In der Rechtsrüge macht die Klägerin Verstöße des Berufungsgerichtes gegen die Denkgesetze geltend, da sich aus den Erklärungen des Sachverständigen Dr. C*** insgesamt ergebe, daß die Unterschrift der Beklagten auf dem Wechsel nicht gefälscht sein könne, weil bis auf einen einzigen Punkt alles für die Echtheit der Unterschrift spreche, dieser Punkt selbst aber unentschieden bleibe. Die berufungsgerichtliche Schlußfolgerung, die Echtheit sei dennoch nicht erwiesen, widerspreche daher den Gesetzen der Logik. Ein berufungsgerichtlicher Verstoß gegen die Regeln der Logik bzw. gegen die Denkgesetze liegt indes nicht vor. Die beiden vom Berufungsgericht nach Beweiswiederholung zugrundegelegten Sachverständigengutachten enthielten unbekämpftermaßen keine gegen zwingende Denkgesetze oder gegen die objektiv überprüfbaren zwingenden Gesetze des sprachlichen Ausdruckes verstoßenden, mit Rechtsrüge geltend zu machenden Schlußfolgerungen. Richtig verweist die Revisionswerberin zwar darauf, daß der zuletzt vernommene Sachverständige Dr. C*** ausführte (ON 61, AS 434 f), unter der für die gegenständliche Wechselunterschrift spezifischen Schreibsituation - geringer zur Verfügung stehender Raum - erscheine auch "die Umkehr des Weitenverhältnisses zwischen Vor- und Familiennamen der Beklagten durchaus einmal möglich"; der Befund der Weitenverhältnisse erscheine daher insgesamt als zweifelhaft und unentschieden, sodaß es auf den Identifizierungswert der restlichen Schriftmerkmale ankomme. Diesbezüglich bekundete der Sachverständige sodann (ON 61, AS 435, 409), mit Ausnahme des Weitenverhältnisses zwischen Vor- und Familienname fänden sich sämtliche Schriftmerkmale der Wechselunterschrift in den Vergleichsunterschriften der Beklagten wieder. Mit dieser einen und im Befund unentscheidbaren Ausnahme existiere kein einziges Schriftmerkmal der strittigen Unterschrift, das nicht eine genaue Entsprechung in den unzweifelhaft von der Beklagten geschriebenen Vergleichsschriften hätte. Alle Schriftmerkmale dieser strittigen Wechselunterschrift lägen durchaus im Variationsrahmen der Vergleichsschriften und stimmten mit ihnen, abgesehen eben vom genannten Weitenverhältnis, überein. Hinsichtlich dieses Weitenverhältnisses sei zu sagen, daß ein Fälscher eine derart schlechte Raumeinteilung kaum gewählt hätte; hätte er dies aber dennoch getan, so wäre ihm wohl nur unter Hinterlassung von Fälschermerkmalen gelungen, eng zu schreiben. Solche Merkmale seien nicht vorzufinden (AS 433).

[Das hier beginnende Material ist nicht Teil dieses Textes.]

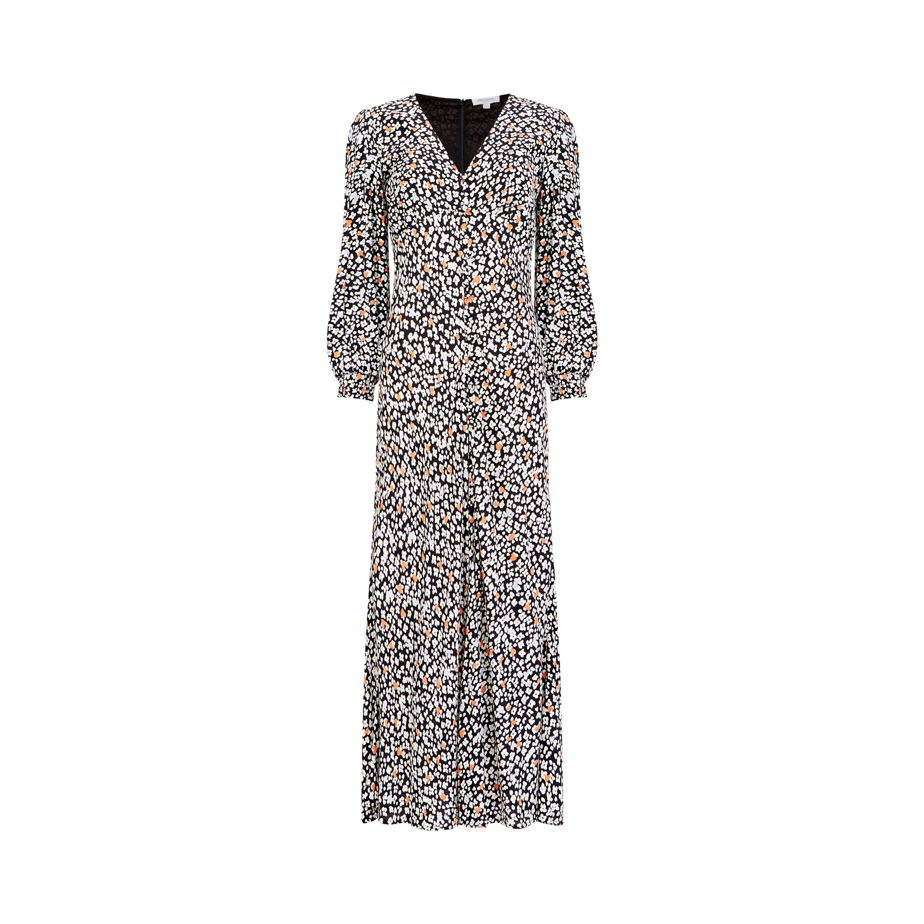 The Heart Print Midi Dress from Great Plains offers fine tailoring with a charming visual appeal. Designed with a flattering midi-length cut, this dress showcases the heart pattern.

Im Ergebnis kam der Sachverständige Dr. C*** hinsichtlich der streitgegenständlichen Wechselunterschrift zum Schluß, das Gewicht aller der genannten quantitativen und qualitativen Übereinstimmungen lasse es insgesamt als "wahrscheinlich" erscheinen, daß die Beklagte die Wechselunterschrift selbst geschrieben habe (AS 435). Das Kalkül "wahrscheinlich" wurde vom Sachverständigen Dr. C*** als eine 60- bis 70 %-ige Wahrscheinlichkeit definiert (ON 69, AS 459). Zu einem ähnlichen Wert war auch der Vorgutachter Gottlieb O*** gekommen, der letztlich (ON 49, AS 300) eine "hohe Wahrscheinlichkeit" der Echtheit der Unterschrift der Beklagten auf der Wechselurkunde angab und dieses Kalkül mit "etwa 75 %" definierte" (ON 49, AS 300).

Die durch die Kritik der Revisionswerberin aufgeworfene Frage, warum bei einem offenbar weitgehend eindeutigen Befund die Kalküle dennoch bloß auf 60- bis 75 %-ige Wahrscheinlichkeit lauten, findet im Gutachten des Sachverständigen Dr. C*** durchaus ihre Erklärung. Danach konnten im Hinblich auf das zur Verfügung stehende Vergleichsmaterial aus dem für die Untersuchung relevanten Zeitraum der Jahre 1979 bis 1982, nämlich einen Text mit Unterschrift im Original sowie einem weiteren Text samt Unterschrift und fünf weiteren Unterschriften in Kopie, von Anfang an lediglich Wahrscheinlichkeitsergebnisse und zwar bestenfalls hohe oder einfache Wahrscheinlichkeiten, erwartet werden (ON 61, AS 387, 389). Es ist daher davon auszugehen, daß die mehr oder weniger volle Übereinstimmung der zu prüfenden Unterschrift mit einer Originalvergleichsunterschrift aus der selben Zeitperiode nach den Regeln der von den Schriftsachverständigen betriebenen Wissenschaft nur zu der angeführten Wahrscheinlichkeit von 60 bis 75 % führt und "sehr hohe" oder "mit an Sicherheit grenzende" Wahrscheinlichkeiten das Vorhandensein weiterer Originalvergleichsschriften derselben Zeitperiode erforderten.

Die Ermittlung des Wahrscheinlichkeitsgrades für das Vorliegen einer bestimmten Tatsache fällt in den in dritter Instanz unüberprüfbaren Bereich der Sachverhaltsfeststellung. Ein dabei begangener Verstoß der Sachverständigen gegen die Denkgesetze liegt nicht vor.

Die Frage, ob der von den Sachverständigen angegebene Grad der Wahrscheinlichkeit der Echtheit der Unterschrift der Beklagten dazu hinreicht, den Beweis der Echtheit als gelungen zu werten, stellt eine Rechtsfrage dar. Die diesbezügliche Beurteilung des Berufungsgerichtes ist jedoch frei von Rechtsirrtum. Die Wahrscheinlichkeit der Echtheit einer Unterschrift von 70 % reicht im Sine der berufungsgerichtlichen Ausführungen alleine noch nicht hin, den vom Kläger zu führenden Beweis der Echtheit als erbracht anzusehen. Vorliegendenfalls hat das Berufungsgericht die Beweisergebnisse insgesamt dahin gewürdigt, daß es die Echtheit der Wechselunterschrift nicht als erwiesen annahm. Hierin liegt eine Tatsachenfeststellung, welche mangels erkennbaren Verstosses gegen die Logik vor dem Obersten Gerichtshof nicht überprüfbar ist. Damit erweist sich aber auch die Rechtsrüge der Revisionswerberin als nicht stichhältig.

Der Revision war demgemäß ein Erfolg zu versagen.